Я укоризненно посмотрел на Зорова. Он поймал мой взгляд:
— Думаешь, я не понимаю? Пить мне нельзя, сердцем чувствую, до добра это не доведет, — сказал он и тут же, о что-то споткнувшись, чуть не растянулся на тротуаре. Но я успел, подхватил его, выровнял и когда он был в состоянии снова идти, сказал ему:
— Правильно говоришь! Осталось лишь притворить в жизнь! Ты же взрослый мужик. У тебя есть, какой никакой дом, свой дом. Влезай в жизнь, меняй ее. Зачем тебе обвинять во всех бедах отчима — Филиппа Григорьевича и бездействовать. Будь независимым и свободным.

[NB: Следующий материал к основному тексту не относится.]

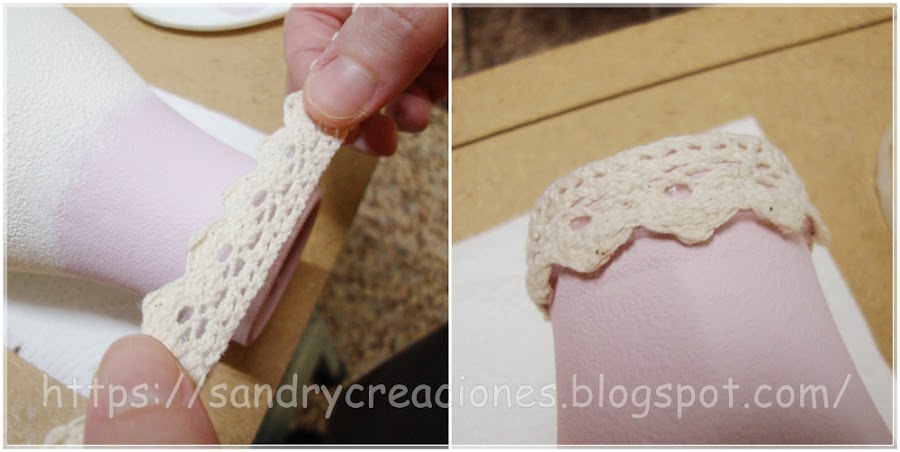 Paso 7. Colocar cinta decorativa como embellecedor. Colocamos una cinta decorativa alrededor de la boca de la botella y la pegamos con silicona caliente para darle un mejor acabado a esa zona.

— Рад бы, но у меня ничего не получается. Я даже его выгнать не могу. Филипп Григорьевич меня спас от смерти. Я живу благодаря нему: в армии во время учений попал в катастрофу. Наш автомобиль с солдатами на переезде столкнулся с железнодорожным составом. Многие погибли. Я, весь искромсанный, надолго лег в госпиталь. Там за мной, ты не поверишь, ухаживал Филипп Григорьевич. Он по телеграмме прилетел на самолете и долгие два месяца находился рядом. Как я хотел тогда пить. Я изнывал от жажды. Мать бы не выдержала — она бы дала мне воды, и я был бы уже давно мертв. Отчим тот не дал. Наверное, он меня не любил! На мои просьбы дать хотя бы глоточек — он всего лишь смачивал мои губы мокрым платком.
— Ну, вот, — сказал я, — а ты еще его ругаешь, хочешь выгнать из дома. Ты должен Филиппа Григорьевича понять и простить. Твой дом там, где жена, где твой ребенок. А отчима своего ты оставь матери. Пусть Мария Федоровна с ним и разбирается. Это ее забота.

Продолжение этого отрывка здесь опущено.